I’ve had a few new followers of late, thank you very much and you are more than welcome. My apologies for the fact that I have not been along personally to thank you, but you see I never did that with any of the old hands and I don’t want to hear any cries of discrimination. People seem to just happen along and hang around, adding bits and pieces every now and again and that’s just the way I like it. I hope you’ll enjoy your stay. There’s a great bunch of folks who visit, I’m sure you’ll get to know them soon enough.

The addition of new followers to my blog has also meant the addition of new material to my reader. I love it when people introduce themselves, because the chances are I would never have found them otherwise. For some reason, my ‘You May Like’ section usually throws up the same 4 blogs, even though I have previously indicated they were not my type of thing. If you think about it, there are over a million people on WordPress, but yet it still recommends the same ones.

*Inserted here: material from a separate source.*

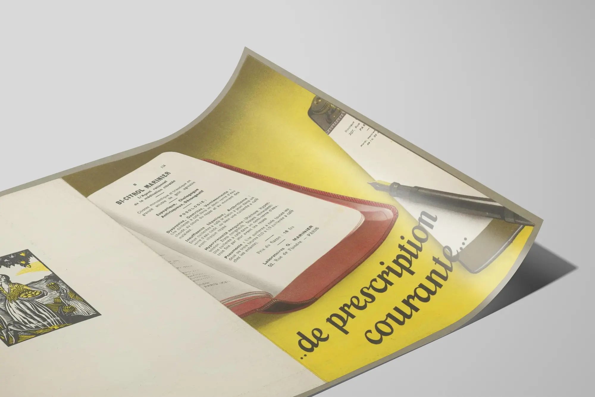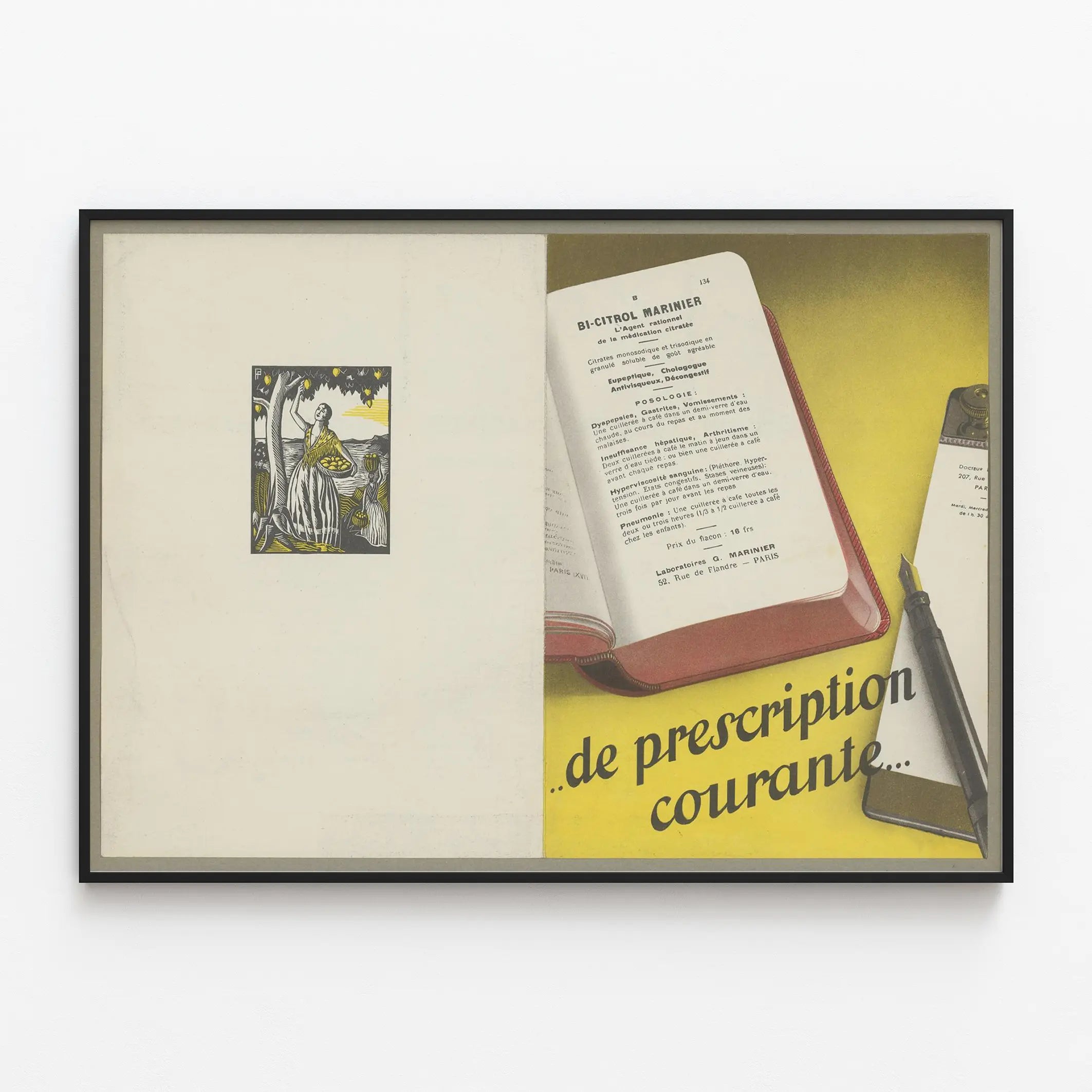 Ontdek dit vintage affiche dat het medicijn Bi-Citrol Marinier benadrukt, een oplosbare korrel op basis van monosodiumcitraat en trisodiumcitraat, gepresenteerd als een rationeel middel voor gecitraatiseerde medicatie. Deze historische wanddecoratie toont een geopend handboek met een gedetailleerde dosering, vergezeld van een vulpen en een medisch zegel, op een heldergele achtergrond die dynamiek en warmte aan het geheel toevoegt. Perfect voor liefhebbers van retro wanddecoratie of verzamelaars van medische reclameposters uit het midden van de twintigste eeuw, dit stuk beschikt over een elegante typografie en een authentiek ontwerp. Als een gebruikelijke voorschriftposter brengt het een sfeer die zowel historisch als grafisch is, perfect voor uw interieur. Deze reclameplaat, met suggesties voor anti-epileptische, galwegbevorderende, antivirale en decongestieve effecten, kan dienen als blikvanger in een consultatieruimte, een artsenkamer of een kamer gewijd aan vintage stijl. Zijn sobere en strakke stijl, met heldere tekst en grafische elementen, maakt het ook tot een decoratief affiche dat geschikt is voor moderne omgevingen die een vleugje authenticiteit en karakter wensen. Deze hoogwaardige poster benadrukt een historisch farmaceutisch product en biedt tegelijkertijd een retro-chique esthetiek die gewaardeerd wordt in wanddecoratiecollecties. Verfraai uw muren met deze Bi-Citrol Marinier affiche, symbool van een tijd waarin reclame en muurkunst samenkwamen om op elegante en eenvoudige wijze te informeren.

Perhaps I have found the best ones already, most days it certainly feels like I have, because you lot rock!

I always did pretty much live on the Internet, right from the first time my sister let me have a go on her laptop and introduced me to ICQ. I spoke to people all over the world and nothing would do but I had to get a computer of my very own to explore this new world I had previously known nothing about. Over the years I have made some amazing friends, met some complete wankers, learned new skills, honed old ones and many other things that I would never have managed were it not for easy access to the World Wide Web.

Despite how I come across I am actually quite a shy person, most likely due to low self esteem, so hiding behind the screen of a computer suits me just fine. I do love going out with my friends and if I feel comfortable with you I will open up, but I hate that moment of having to meet someone for the first time, or walking into a crowded room. People who know me would tell you that they find this weird. They say I am the life and soul of the party and strangely, they find me funny. I love that, but it bemuses me at the same time.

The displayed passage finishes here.